YOU DO HAVE TWENTY-FOUR HOURS

But they’re yours, shaped and influenced by the realities of your life and the things that are important to you. 

Pretending those the same as Stephen King’s hours, or Nora Roberts’ hours, or mine, or any other person talking about their process…man, that’s not the way it works. 

It’s worth being cognisant of the privilege and differences between your life and the process of whatever writing is offering advice. It’s fantastic that I have access to the things that make my current process possible – eight hours of time to devote to the task of writing, a desk at a university and a means to commute there– but I can do this because I’m a privileged mother-fucker (even more-so than the time I wrote the blog attached to that link).

The advantages I started with allowed me to make choices that prioritised writing experience, which led to jobs in the industry and published stories/articles and eventually a PhD scholarship. On a word-count expected versus dollars-coming-in rate, I’m willing to bet its the best I’ll ever get paid to sit down and do the thing I love for a period of three years. 

I still worked to get here. I made choices and decisions about how to use my twenty-four hours, and a lot of those involved doing things I didn’t want to do and sacrificing some goals in favour of others.

But, I’ll be clear: I didn’t necessarily want it more than other people. I fucked around just as often as I worked my ass off. I had weeks where carving out writing time was just plain hard, and at least a year where I figured I was done with writing for good. 

And the twenty-four hours I’m working with today are considerably different compared to the bulk of Mondays I’ve experienced in my lifetime. I sit here with the knowledge that the things I do today will not be replicable in two years time, when the degree is over and I’m on to the next thing, fitting writing around a part-time job or freelance work or publishing.

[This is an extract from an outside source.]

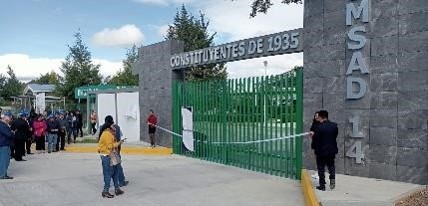 Resultado de gestión con la Dirección General quien apoyo con el portón de acceso de autos y un gran apoyo de la Presidencia Municipal del municipio de Cuaxomulco quien aporto el 100% del recurso de la fachada.
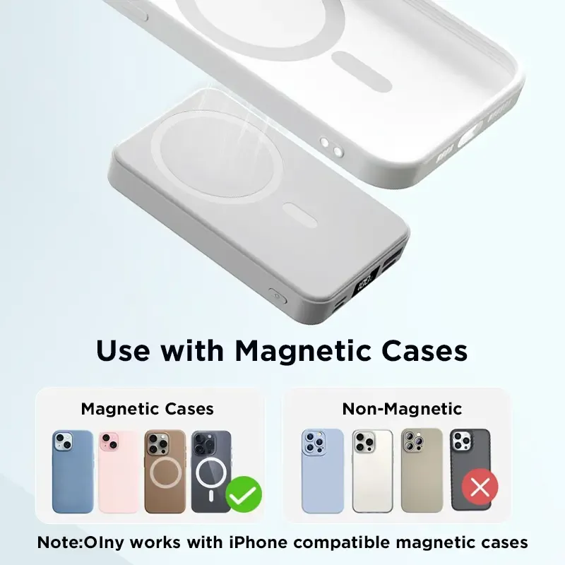 This 10000mAh Magnetic Wireless Power Bank is designed for iPhone 12–16 series. For best magnetic grip, use with a MagSafe case or without a case.

Similarly, when we look at Nora Robert’s process at the end of her life, with grown kids, best-sellers, and six books coming out every year, it’s probably very different to the process at the start when she was a single mum whose kids lived at home.

We all have twenty-four hours to work with, but they’re sure as fuck not the same. And the shitty part is those differences matter when you start looking at how you build your career…and how rapidly your career can take off.

Most writers work their asses off: this much is true. But the folks who can prioritise writing more easily are prone to getting more work out, faster.  The folks who can access networking and skill-building opportunities can leverage the hours spent on their craft more effectively than those who do not.

Figuring out where writing fits into your twenty-four hours is always going to be a very personal thing.